Bitcoin plunged the most in more than seven weeks, just days after reaching a record.
The biggest crypto coin was down 9% to $55,323 at around 9:30 a.m. in New York on Sunday, after declining as much as 15% to $51,707 in the Asian day.
Other cryptocurrencies suffered as well. Ether, the second-biggest, dropped as much as 18% to below $2,000 before paring losses. The total market cap of crypto, which recently surpassed $2 trillion, fell back to about $1.96 trillion, according to data from CoinGecko.com. And Dogecoin, the coin started as a joke in 2013, was recently trading around 29 cents after hitting 40 cents on Friday.
Several online reports attributed the plunge to speculation the U.S. Treasury may crack down on money laundering that’s carried out through digital assets.
Bitcoin hit a record high of $64,869 last week ahead of the debut trade for the cryptocurrency exchange Coinbase Global Inc. on the Nasdaq exchange Wednesday. Coinbase ended its first trading week on a high note after bullish reviews from Wall Street analysts.
Dogecoin, which has been boosted by the likes of Elon Musk and Mark Cuban, rallied more than 110% Friday before dropping the next day. Demand was so brisk for the token that investors trying to trade it on Robinhood crashed the site, the online exchange said in a blog post Friday.
“The crypto world is waking up with a bit of a sore head today,” said Antoni Trenchev, co-founder of crypto lender Nexo. “Dogecoin’s 100% Friday rally was ‘peak party,’ after the Bitcoin record and Coinbase listing earlier in the week. Euphoria was in the air. And usually in the crypto world, there’s a price to pay when that happens.”

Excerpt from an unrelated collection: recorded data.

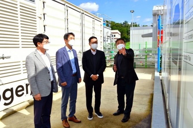 이번 실증은 현대차·기아의 500kW(킬로와트시)급 고분자전해질 연료전지와 두산퓨얼셀의 440kW급 '인산형 연료전지'가 함께 적용돼 서로 다른 방식의 연료전지 시스템을 조합해 운영한다는 특징을 가진다.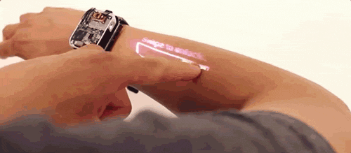 投影机大家肯定都知道,但是手表那么大的你见过吗?美国卡内基梅隆大学的研究人员制作了一块带识别手势操作的投影手表,手指滑动手臂的解锁方式大家都没见过吧。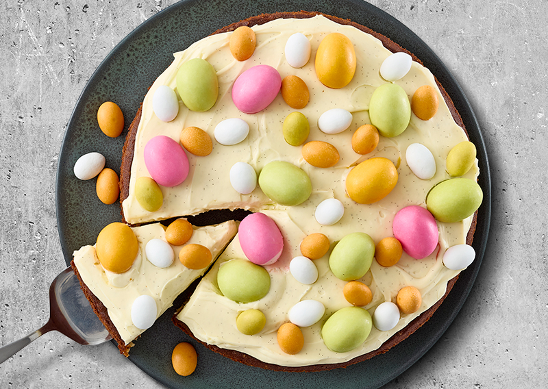 Smør cremen ud på kagen og pynt med små påskeæg i forskellige farver og størrelser.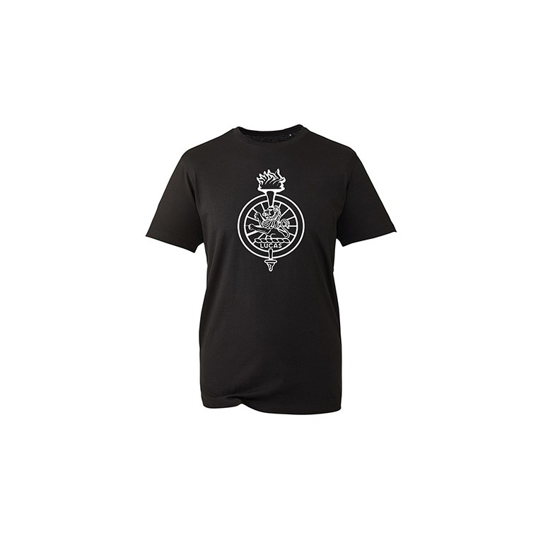 Lucas Flambeau T-Shirt Lucas flambeau DTG printed t-shirt. Black in size 3 Xtra Large. Fashion fit. Ribbed collar. Taped neck. Side seams. Twin needle stitching.100% organic combed ringspun cotton. 145gsm.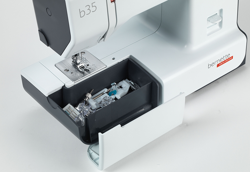 Bernette 35 to mechaniczna maszyna do szycia bez komputerowego sterowania. Szerokość, długość i wzór ściegu można łatwo ustawić, obracając trzy pokrętła. Naprężenie można regulować podczas szycia za pomocą łatwo dostępnego pokrętła. Bernette 35 posiada również automatyczną, 1-stopniową funkcję dziurki na guziki, która jest szybka i łatwa w użyciu. Dzięki 23 ściegom, w tym ściegom użytkowym i dekoracyjnym, można szybko zrealizować swoje kreatywne pomysły. Model bernette 35 jest wyposażony w siedem stopek.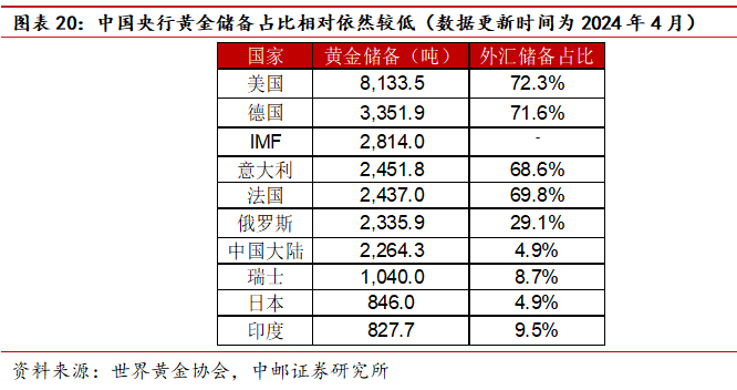 从长期来看,中国目前的外汇储备中,黄金占比为5%左右,相比美国、德国以及其他欧洲国家依然有较大的差距,未来继续购入黄金的空间依然较大。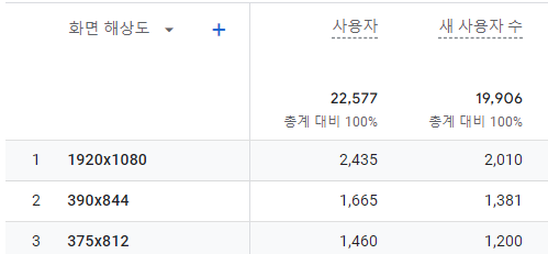 ex) 화면 해당도 별 사용자에서는 1920x1200의 해상도 사용자가 2번째로 많지만

Besides the “unsubstantiated” report of a U.S. Treasury crackdown, Trenchev said factors for the declines may have included “excess leverage, Coinbase insiders dumping equity after the direct listing and a mass outage in China’s Xinjiang province hitting Bitcoin miners.”
Growing mainstream acceptance of cryptocurrencies has spurred Bitcoin’s rally, as well as lifting other tokens to record highs. Interest in crypto went on the rise again after companies from PayPal to Square started enabling transactions in Bitcoin on their systems, and Wall Street firms like Morgan Stanley began providing access to the tokens to some of the wealthiest clients. That’s despite lingering concerns over their volatility and usefulness as a method of payment.

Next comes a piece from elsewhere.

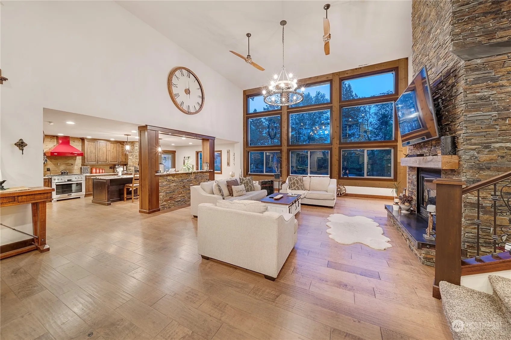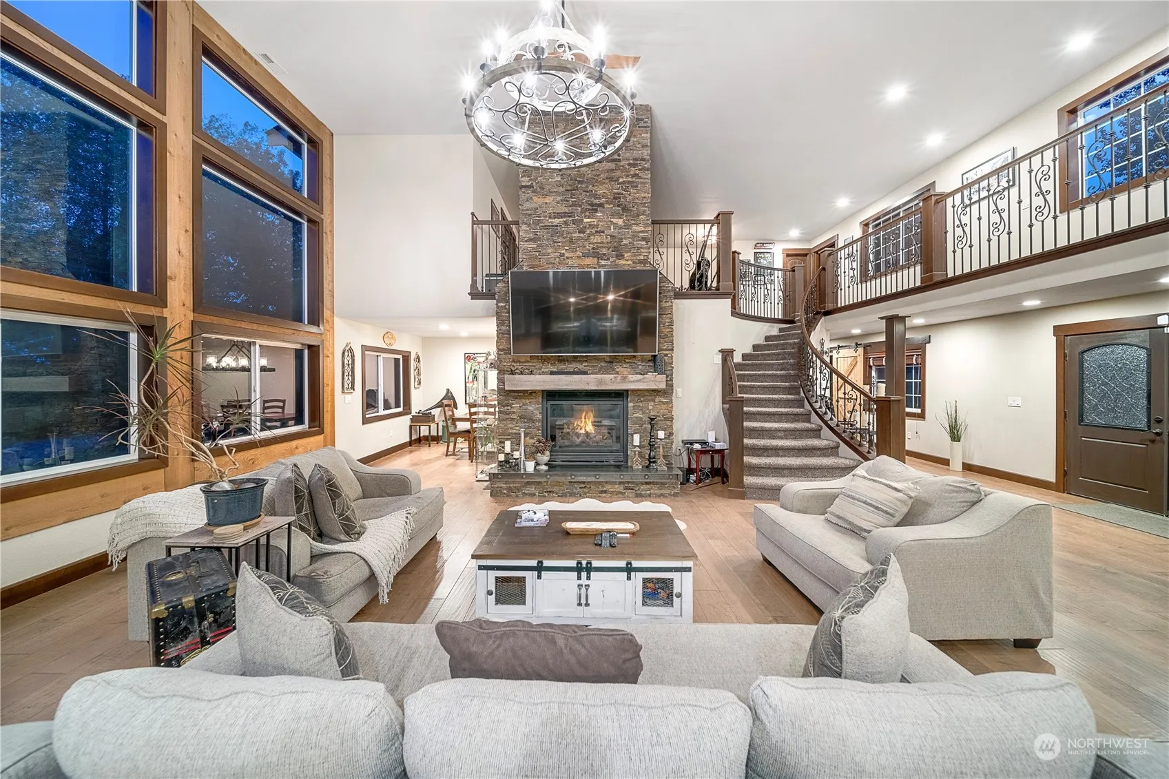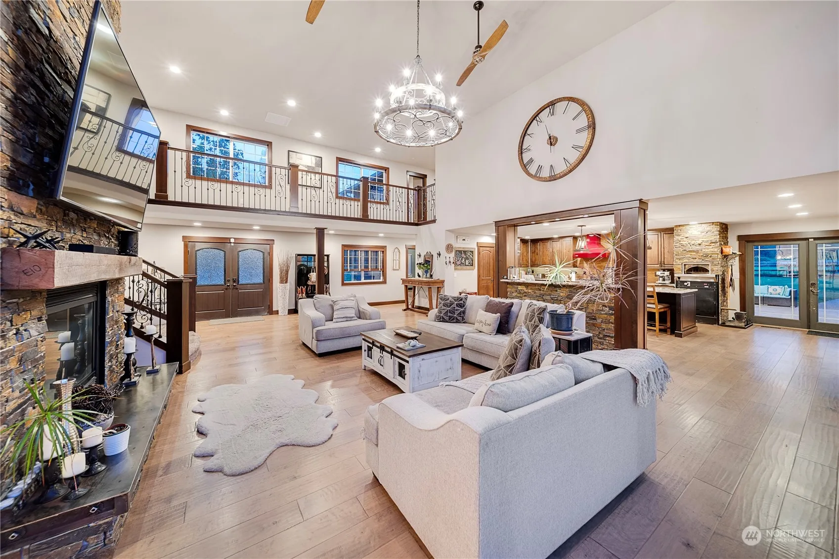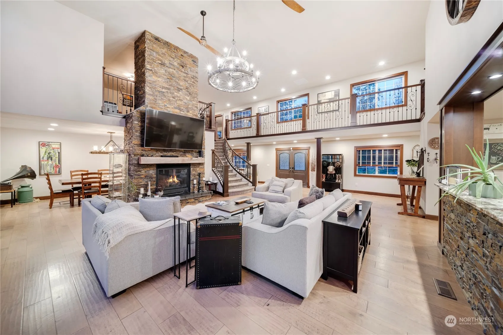 Escape to this lodge-inspired estate, perfectly located for serene living. Enjoy the backyard paradise with your very own fish pond & a small creek bordering the property. This sprawling home offers breathtaking views of Mt. Rainier and a spa-like main bedroom and bath. Entertain in style with a wet bar, a large dining area with a wine bar and cellar, and an expansive kitchen featuring a Viking gas range and Wood Stone gas pizza oven. Relax by the fireplace under soaring ceilings in the living room. Additional income potential from 1 bedroom apartment attached to main home & the detached 870 sq ft home. The lovingly maintained grounds feature a 24×36 barn, a 24×48 four-car garage, and a large loafing shed, with ample RV and tractor parking.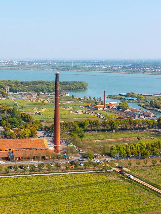 离开祁浜村,一路自驾来到了祝甸砖窑文化馆,昔日窑洞中的炉火,随着时代变迁而渐渐堙灭,30年前这里还是一座正常运营的砖瓦窑,如今摇身一变成了非常红的热门打卡地,这里三面环水,一侧是乡村田园和祝甸湖,砖红色的窑厂斑驳岁月痕迹,200多米高的砖红色大烟囱高耸入云,极具特色。

Governments are inspecting risks around the sector more closely as the investor base widens.
Federal Reserve Chairman Jerome Powell last week said Bitcoin “is a little bit like gold” in that it’s more a vehicle for speculation than making payments. European Central Bank President Christine Lagarde in January took aim at Bitcoin’s role in facilitating criminal activity, saying the cryptocurrency has been enabling “funny business.”
Turkey’s central bank banned the use of cryptocurrencies as a form of payment from April 30, saying the level of anonymity behind the digital tokens brings the risk of “non-recoverable” losses. India will propose a law that bans cryptocurrencies and fines anyone trading or holding such assets, Reuters reported in March, citing an unidentified senior government official with direct knowledge of the plan.
Crypto firms are beefing up their top ranks to shape the emerging regulatory environment and tackle lingering skepticism about digital tokens. Bitcoin’s most ardent proponents see it as a modern-day store of value and inflation hedge, while others fear a speculative bubble is building.